Recently I solved for how many mL of 5% BaCl2.2H20 solution was required to precipitate sodium sulfate. Now the question asks what if the sodium sulfate was potassium sulfate instead. Would the volume required be higher or lowered than the sodium sulfate and why?
I got that the potassium sulfate required less volume though I don't understand the reason why.
The volume of 5% BaCl2.2H2O solution required to precipitate a particular amount of sulfate compound depends on the stoichiometry of the reaction between the barium chloride and the sulfate ion. Since BaCl2.2H2O is a salt composed of barium ions (Ba2+) and chloride ions (Cl-), its reaction with a sulfate compound, such as sodium sulfate (Na2SO4) or potassium sulfate (K2SO4), can be represented by the following balanced chemical equation:
BaCl2 + Na2SO4 -> BaSO4 + 2NaCl
BaCl2 + K2SO4 -> BaSO4 + 2KCl
As you can see, when barium chloride reacts with either sodium sulfate or potassium sulfate, the products formed are barium sulfate (BaSO4) and either sodium chloride (NaCl) or potassium chloride (KCl). The stoichiometry of the reaction indicates that one mole of barium chloride is required to react with one mole of sulfate ion to form one mole of barium sulfate.

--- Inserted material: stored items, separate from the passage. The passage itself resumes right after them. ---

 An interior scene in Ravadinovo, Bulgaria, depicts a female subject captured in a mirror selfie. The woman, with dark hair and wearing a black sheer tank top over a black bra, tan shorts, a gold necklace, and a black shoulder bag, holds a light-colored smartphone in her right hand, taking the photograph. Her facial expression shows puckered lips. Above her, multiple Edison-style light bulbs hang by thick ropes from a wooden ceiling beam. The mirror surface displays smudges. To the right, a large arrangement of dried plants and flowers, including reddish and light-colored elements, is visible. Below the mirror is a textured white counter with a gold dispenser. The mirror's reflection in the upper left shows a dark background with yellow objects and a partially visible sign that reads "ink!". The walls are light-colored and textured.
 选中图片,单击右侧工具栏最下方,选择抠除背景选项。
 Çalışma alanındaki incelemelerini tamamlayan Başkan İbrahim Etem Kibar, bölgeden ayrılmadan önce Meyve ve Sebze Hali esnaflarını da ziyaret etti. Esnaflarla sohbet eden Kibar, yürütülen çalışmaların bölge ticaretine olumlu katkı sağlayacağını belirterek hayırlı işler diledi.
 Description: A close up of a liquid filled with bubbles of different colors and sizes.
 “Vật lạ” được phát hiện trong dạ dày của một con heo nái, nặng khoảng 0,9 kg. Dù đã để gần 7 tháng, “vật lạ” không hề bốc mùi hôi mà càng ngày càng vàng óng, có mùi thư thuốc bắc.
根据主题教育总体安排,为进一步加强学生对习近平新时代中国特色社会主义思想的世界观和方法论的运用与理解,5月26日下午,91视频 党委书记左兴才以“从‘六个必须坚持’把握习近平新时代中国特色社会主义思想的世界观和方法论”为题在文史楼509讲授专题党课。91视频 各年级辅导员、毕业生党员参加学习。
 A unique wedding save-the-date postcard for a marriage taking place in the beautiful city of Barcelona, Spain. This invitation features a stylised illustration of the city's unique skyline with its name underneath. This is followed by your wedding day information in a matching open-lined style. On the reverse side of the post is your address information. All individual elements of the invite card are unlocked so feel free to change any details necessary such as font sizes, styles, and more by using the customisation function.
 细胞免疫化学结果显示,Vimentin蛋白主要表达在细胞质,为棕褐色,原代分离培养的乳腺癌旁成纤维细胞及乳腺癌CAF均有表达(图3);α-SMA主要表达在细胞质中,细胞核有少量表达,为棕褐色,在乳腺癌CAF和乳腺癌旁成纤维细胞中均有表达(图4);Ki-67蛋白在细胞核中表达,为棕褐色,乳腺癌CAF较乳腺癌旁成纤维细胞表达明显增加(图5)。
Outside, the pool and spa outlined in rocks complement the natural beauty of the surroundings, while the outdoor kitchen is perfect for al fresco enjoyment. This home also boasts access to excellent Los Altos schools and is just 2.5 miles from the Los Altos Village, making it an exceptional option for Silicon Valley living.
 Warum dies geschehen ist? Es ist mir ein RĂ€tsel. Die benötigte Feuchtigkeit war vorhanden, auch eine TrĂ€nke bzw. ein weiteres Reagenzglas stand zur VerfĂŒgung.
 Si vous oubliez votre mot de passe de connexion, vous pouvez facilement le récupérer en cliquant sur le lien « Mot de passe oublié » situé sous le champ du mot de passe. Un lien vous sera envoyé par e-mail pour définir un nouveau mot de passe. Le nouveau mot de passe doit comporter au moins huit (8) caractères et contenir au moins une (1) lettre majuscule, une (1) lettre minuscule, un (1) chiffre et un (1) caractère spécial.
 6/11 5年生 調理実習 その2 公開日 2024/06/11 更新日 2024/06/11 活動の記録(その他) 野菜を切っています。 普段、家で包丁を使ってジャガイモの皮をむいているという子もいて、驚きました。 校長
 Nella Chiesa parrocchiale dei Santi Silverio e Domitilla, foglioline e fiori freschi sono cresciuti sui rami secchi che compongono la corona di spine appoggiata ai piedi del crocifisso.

Now, let's consider the molar masses of the sulfate compounds involved:
- Sodium sulfate (Na2SO4): Molar mass = 22.99 g/mol (sodium) + 2x 32.06 g/mol (sulfur) + 4x 16.00 g/mol (oxygen) = 142.04 g/mol
- Potassium sulfate (K2SO4): Molar mass = 39.10 g/mol (potassium) + 2x 32.06 g/mol (sulfur) + 4x 16.00 g/mol (oxygen) = 174.26 g/mol
Now, let's assume that you are given a certain mass or amount of the sulfate compound (either sodium sulfate or potassium sulfate) and you want to calculate the volume of the 5% BaCl2.2H2O solution required to precipitate it.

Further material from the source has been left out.